◆ Instructions for the task
Repeat these records exactly, pictures excluded.

◆ Data for this task
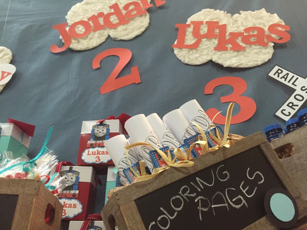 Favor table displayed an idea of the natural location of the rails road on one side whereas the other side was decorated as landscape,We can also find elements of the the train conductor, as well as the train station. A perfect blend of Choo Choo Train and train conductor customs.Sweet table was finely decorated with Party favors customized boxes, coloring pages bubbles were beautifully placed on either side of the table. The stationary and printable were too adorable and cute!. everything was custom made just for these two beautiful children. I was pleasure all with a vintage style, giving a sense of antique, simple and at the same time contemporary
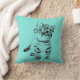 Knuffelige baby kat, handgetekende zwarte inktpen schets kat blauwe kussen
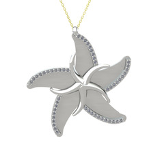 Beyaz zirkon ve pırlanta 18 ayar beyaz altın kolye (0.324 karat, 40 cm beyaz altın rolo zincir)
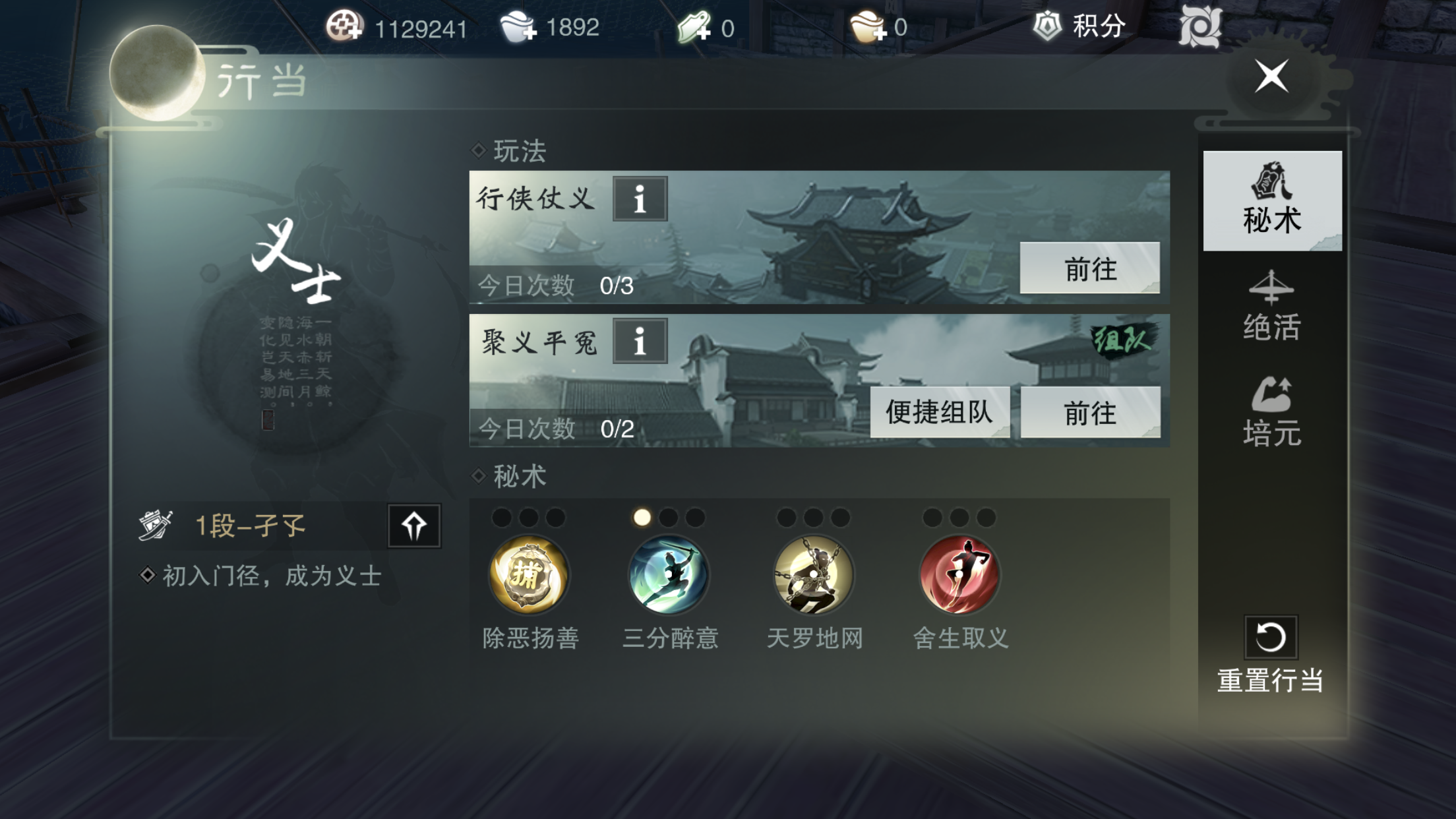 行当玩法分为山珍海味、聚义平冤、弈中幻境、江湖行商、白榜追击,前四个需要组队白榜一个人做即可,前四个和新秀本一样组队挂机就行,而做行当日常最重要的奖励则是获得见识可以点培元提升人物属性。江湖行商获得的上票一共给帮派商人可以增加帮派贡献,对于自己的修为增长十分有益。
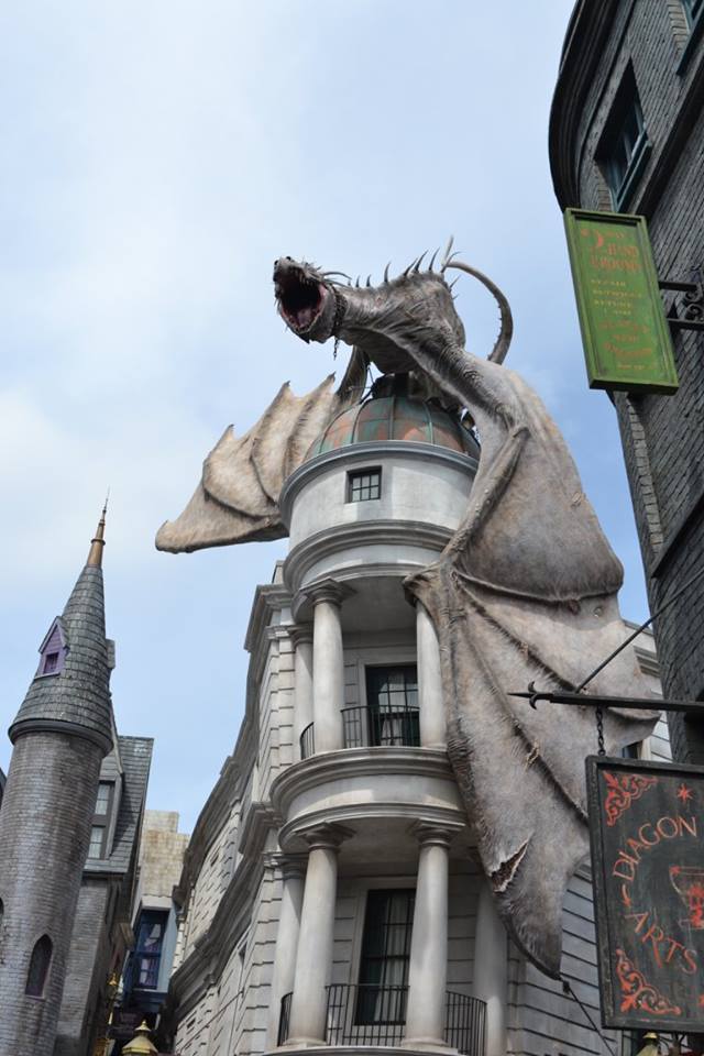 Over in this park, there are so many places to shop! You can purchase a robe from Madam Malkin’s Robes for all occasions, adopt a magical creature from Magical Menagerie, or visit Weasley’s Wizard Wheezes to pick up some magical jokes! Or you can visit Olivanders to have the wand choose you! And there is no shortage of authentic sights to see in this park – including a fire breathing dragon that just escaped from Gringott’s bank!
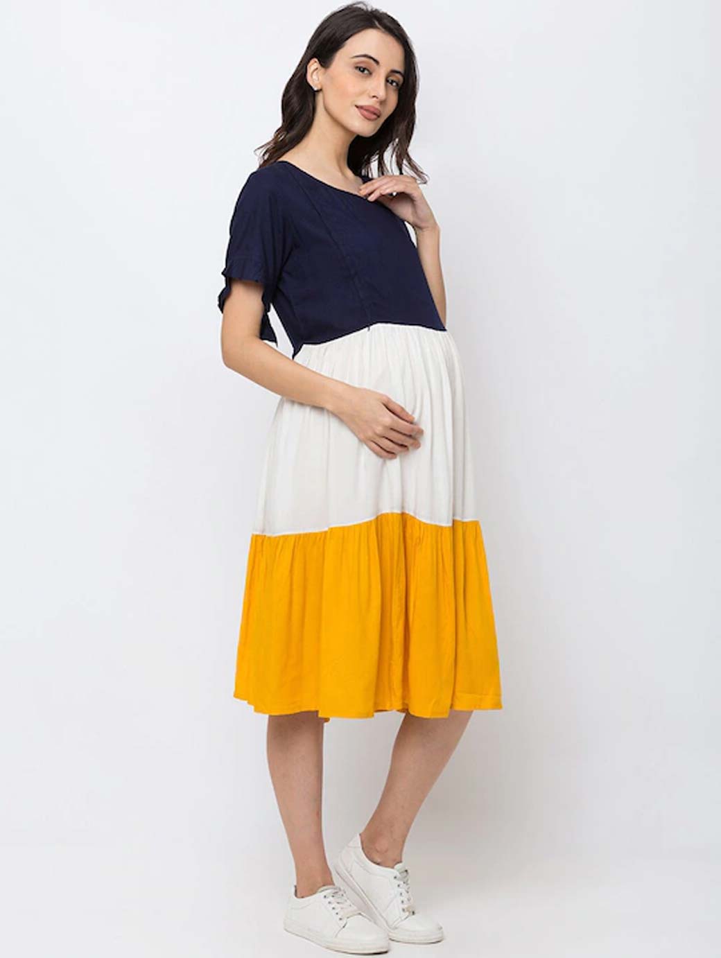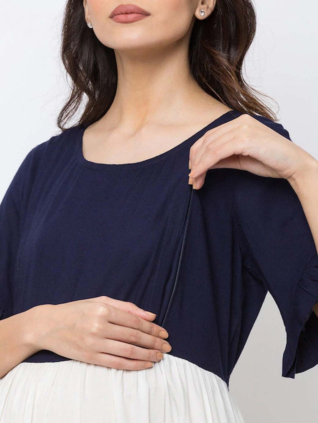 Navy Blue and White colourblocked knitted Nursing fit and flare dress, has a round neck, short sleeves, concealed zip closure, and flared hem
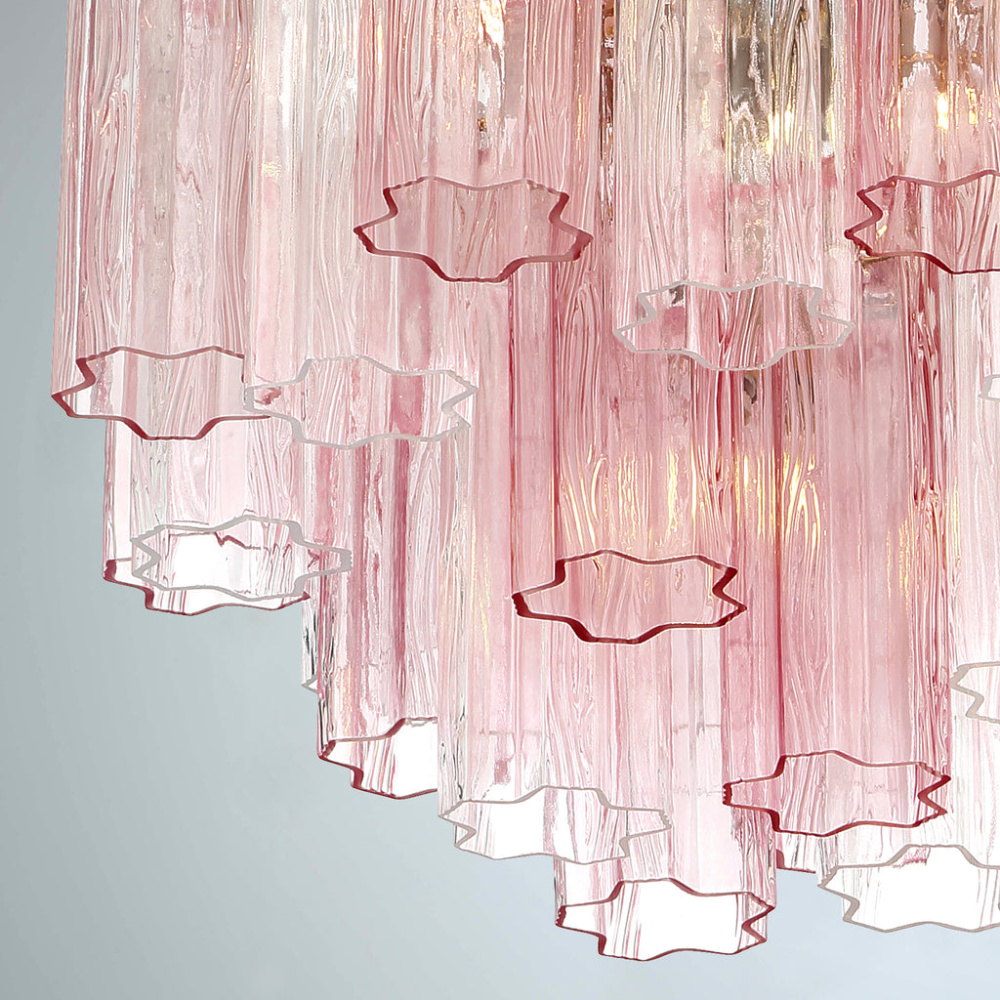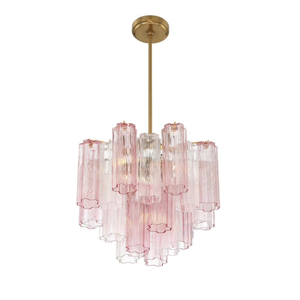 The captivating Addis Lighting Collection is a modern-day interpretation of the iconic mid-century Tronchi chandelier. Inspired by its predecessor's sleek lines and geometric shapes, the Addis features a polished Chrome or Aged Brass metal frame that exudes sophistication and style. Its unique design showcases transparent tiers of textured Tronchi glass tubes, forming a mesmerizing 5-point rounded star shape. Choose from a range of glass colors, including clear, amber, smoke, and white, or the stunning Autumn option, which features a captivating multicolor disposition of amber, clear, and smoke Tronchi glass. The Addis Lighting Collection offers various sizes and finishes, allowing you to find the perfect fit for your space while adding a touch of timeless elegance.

◆ Response for this exercise
 Favor table displayed an idea of the natural location of the rails road on one side whereas the other side was decorated as landscape,We can also find elements of the the train conductor, as well as the train station. A perfect blend of Choo Choo Train and train conductor customs.Sweet table was finely decorated with Party favors customized boxes, coloring pages bubbles were beautifully placed on either side of the table. The stationary and printable were too adorable and cute!. everything was custom made just for these two beautiful children. I was pleasure all with a vintage style, giving a sense of antique, simple and at the same time contemporary
 Knuffelige baby kat, handgetekende zwarte inktpen schets kat blauwe kussen
 Beyaz zirkon ve pırlanta 18 ayar beyaz altın kolye (0.324 karat, 40 cm beyaz altın rolo zincir)
 行当玩法分为山珍海味、聚义平冤、弈中幻境、江湖行商、白榜追击,前四个需要组队白榜一个人做即可,前四个和新秀本一样组队挂机就行,而做行当日常最重要的奖励则是获得见识可以点培元提升人物属性。江湖行商获得的上票一共给帮派商人可以增加帮派贡献,对于自己的修为增长十分有益。
 Over in this park, there are so many places to shop! You can purchase a robe from Madam Malkin’s Robes for all occasions, adopt a magical creature from Magical Menagerie, or visit Weasley’s Wizard Wheezes to pick up some magical jokes! Or you can visit Olivanders to have the wand choose you! And there is no shortage of authentic sights to see in this park – including a fire breathing dragon that just escaped from Gringott’s bank!
 Navy Blue and White colourblocked knitted Nursing fit and flare dress, has a round neck, short sleeves, concealed zip closure, and flared hem
 The captivating Addis Lighting Collection is a modern-day interpretation of the iconic mid-century Tronchi chandelier. Inspired by its predecessor's sleek lines and geometric shapes, the Addis features a polished Chrome or Aged Brass metal frame that exudes sophistication and style. Its unique design showcases transparent tiers of textured Tronchi glass tubes, forming a mesmerizing 5-point rounded star shape. Choose from a range of glass colors, including clear, amber, smoke, and white, or the stunning Autumn option, which features a captivating multicolor disposition of amber, clear, and smoke Tronchi glass. The Addis Lighting Collection offers various sizes and finishes, allowing you to find the perfect fit for your space while adding a touch of timeless elegance.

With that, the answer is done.